Early in the V-Max series, we didn't pay close enough attention to this
rule, and this brought on reliability problems.   But, by following
Commodore's own internal rules, we were guaranteed to be as reliable on a
drive as non-protected disks.

The second rule was, that no possible combination of GCR bits could
accidentally generate a string of 12 "on" bits in a row, or we would end up
with an unintended sync byte, which would destroy the framing we had
established earlier.   This set of rules gave us just enough possible
combinations that it proved possible to encode every 6 bit entry with a
proper 8 bit value ( or maybe 3 with 4, as I mentioned earlier, a
disassembly of the loader should make it clear which we used).

With this scheme, it was also (barely) possible to convert each GCR value
read back into it's proper binary form in real time.  This involved bit
shifting and table lookups, then maybe more shifting and xoring (combining)
of the results.  A single byte took, I think, 32 CPU clocks to read in.
Therefore, on average, you had to be done with all your shifting and moving
of data 32 cycles after your first read in the value.  You had some
tolerance for error, however.

With Commodore, all they did was store the GCR value in a buffer to work on
later, then went back in a loop, waiting for the bit to be set that
indicated the next byte was ready.

What I did, was calculate how many cycles each operation took, so that I was
ready to read each subsequent byte about the middle of the time it was
present in the IO port.  I.E, if it took 32 cycles to read in a byte, the
second byte would become available 32 cycles after first byte had been read,
and that second byte would remain available to be read for another 32
clocks, before it would be replaced by the next, and so on.

Now, to that, I added a tolerance for drives that were running faster or
slower than Commodore's spec.  And to that, I added a further allowance for
wow and flutter.  This, then, gave me my timing windows, for when I could
safely and reliably read sequential bytes from the disk, without wasting
cycles (which I didn't have) sitting in a loop waiting for a "byte ready"
signal.  If I was in danger of running too fast, I might have added a
conditional branch to a follow-on instruction, after the "bit" test, to
conditionally slow things down a tad.  But pretty much all of the cycles
were put to use, sometimes I would have to break off what I was doing and
store a value temporarily, so that I could read the next byte.  It was a lot
like juggling, and I re-wrote the routines multiple times, moving operations
earlier or later, till I was satisfied. As a result, we could read in 4 GCR
bytes, convert them to binary, and store them in a buffer, then go back to
the top of the loop and wait for the byte ready signal, then do it all over
again.   This took several weeks to perfect, though we got the original
(flakey) version running up in a couple of days.

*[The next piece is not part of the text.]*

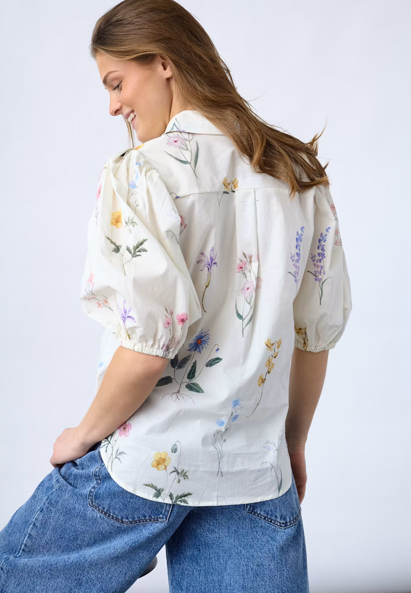 En skjorta/blus med 3/4 ärm, ett blommig mönster på en krämvit botten, klassisk krage och genomgående knappslå. Den har korta puffärmar som tillför volym och en lös passform som gör den bekväm. Modellen har storlek S på sig.

We would break out of the loop when the end of sector byte was read, as I
recall.   The start of our load buffer overlapped our read routine by one
byte.  That meant, the first binary value of each sector had to translate to
a $60 (rts).  This was a "future expansion" hook that would allow us to
embed additional copy protection (signature checks) any place/time on the
disk.  We never needed to use it, but it was there for expressly that
purpose.

The remaining header information would contain the sector number, possibly
the track number (not sure), and the number of the file to which the sector
belonged.  Other bytes (or maybe we just used a single bit) would indicate
the last sector of a file, which always got sent last.  The remaining
sectors would get sent in whatever order they were decoded (each sector had
embedded into it the load address where it belonged in C64 memory).  Our
"directory/VMAX DOS" track had embedded information, which told us how many
sectors a given file occupied on each track.  The drive would keep track of
which sectors had already been transfered, and not send them twice. When it
had sent all of the sectors belonging to that file which were to be found on
the current track, it would step to the next track, and start again.  When
it reached the last track, it would skip over the final sector as long as
there were other sectors to send.  The final sector was sent last, as it had
embedded in it, the execution address where control was to be given, (or a
value indicating a normal return via the stack).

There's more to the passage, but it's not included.